Sono passati 78 anni, generazioni sono morte, molte altre sono nate ed ancora non riusciamo a sentirci riappacificati perché i conti con la Storia, personale, di parte, collettiva nessuno vuole farli fino in fondo.
La storia: ciascuno si aggrappa alla sua, a quella dei suoi genitori, a quella narrata da una parte o dall’altra.

Sulle tragedie del ventesimo secolo sono stati scritti innumerevoli libri e le inchieste, gli articoli, le ricerche non bastano mai mentre le polemiche continuano e nascono nuove forme di odio che allontanano, ancora una volta, dalla sperata riappacificazione.
Per tentare una nuova via che porti ad una condivisa unità nazionale pensiamo quanto potrebbe essere di esempio se, insieme, i discendenti dei sette fratelli Cervi  e dei sette fratelli Govoni scrivessero una nuova pagina di storia.
I fratelli Cervi, che diedero, con tutta la loro famiglia, un importante contributo alla Resistenza, furono prima imprigionati e poi fucilati dai fascisti il 28 dicembre del 1943 a Reggio Emilia  e la loro azienda agricola fu data alle fiamme.

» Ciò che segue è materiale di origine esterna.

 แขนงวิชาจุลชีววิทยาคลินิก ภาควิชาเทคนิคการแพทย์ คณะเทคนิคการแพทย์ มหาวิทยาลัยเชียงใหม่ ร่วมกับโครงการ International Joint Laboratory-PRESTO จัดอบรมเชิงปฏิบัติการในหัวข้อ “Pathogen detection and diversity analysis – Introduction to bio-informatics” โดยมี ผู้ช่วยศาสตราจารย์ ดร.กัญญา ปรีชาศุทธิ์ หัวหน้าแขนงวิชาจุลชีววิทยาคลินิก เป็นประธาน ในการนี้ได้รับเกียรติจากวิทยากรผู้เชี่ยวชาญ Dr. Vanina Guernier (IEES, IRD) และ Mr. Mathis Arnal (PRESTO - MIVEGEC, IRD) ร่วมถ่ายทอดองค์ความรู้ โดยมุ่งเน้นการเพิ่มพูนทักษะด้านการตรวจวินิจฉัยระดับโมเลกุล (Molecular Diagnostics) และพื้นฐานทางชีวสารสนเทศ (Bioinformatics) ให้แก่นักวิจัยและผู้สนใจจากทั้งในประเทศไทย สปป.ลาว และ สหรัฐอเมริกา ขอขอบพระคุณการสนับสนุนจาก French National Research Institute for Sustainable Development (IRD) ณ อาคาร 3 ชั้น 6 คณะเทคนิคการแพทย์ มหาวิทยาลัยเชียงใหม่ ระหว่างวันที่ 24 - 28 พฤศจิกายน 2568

I fratelli Govoni, sei uomini ed una ragazza, una madre ventenne, furono uccisi a Pieve di Cento, con sevizie, bastonate, strangolamento, dai partigiani della brigata garibaldina Paolo, era l’11 maggio 1945 e la guerra era ufficialmente finita dal 25 aprile.

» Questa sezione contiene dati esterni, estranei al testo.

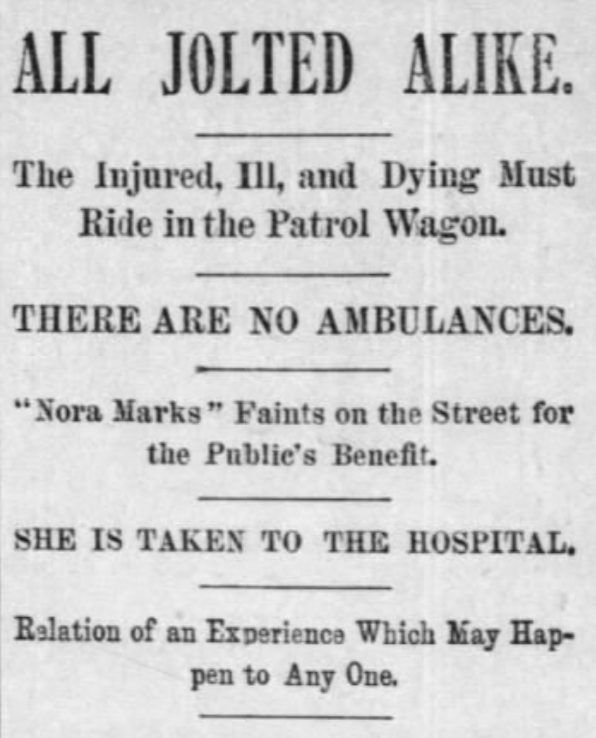 "I have had a free ride in the patrol-wagon. This statement will probably convey the impression that I have been doing something to be "taken up" after the fashion of teh usual occupants of the city's free conveyances. In reality I have done nothing worse than to fall suddenly ill on the street, a crime that 2,000 or 3,000 innocent people commit every year in the City of Chicago. If there had been a city ambulance I should have been entitled to ride in that. It happened in this way:"

Ecco il 25 aprile, senza polemiche, immaginiamo di vedere i discendenti dei fratelli Govoni dire il fascismo commise molte atrocità che dobbiamo ricordare come monito per il presente e per il futuro, ma non tutti i fascisti erano cattivi, crudeli e di sentire dai discendenti dei fratelli Cervi parole simili perché anche nel movimento partigiano si sono visti  orrori, delitti commessi per interesse personale e il comunismo è stato anch’esso un male assoluto.
Immaginiamo che entrambe le parti dicano mai più fascismo mai più comunismo per il bene dell’Italia e del mondo e che poi ciascuno, tornando alla sua casa, alla sua parte politica, ricordi che la democrazia e la libertà hanno un prezzo, anche quello di saper misurare le conseguenze delle parole che si dicono, di saper riconoscere gli errori del passato, dal nazifascimo al comunismo, perché gli orrori restano orrori e non c’è un orrore meno orrore o più orrore di un altro e questo vorremo lo si ammettesse tutti, non solo una parte.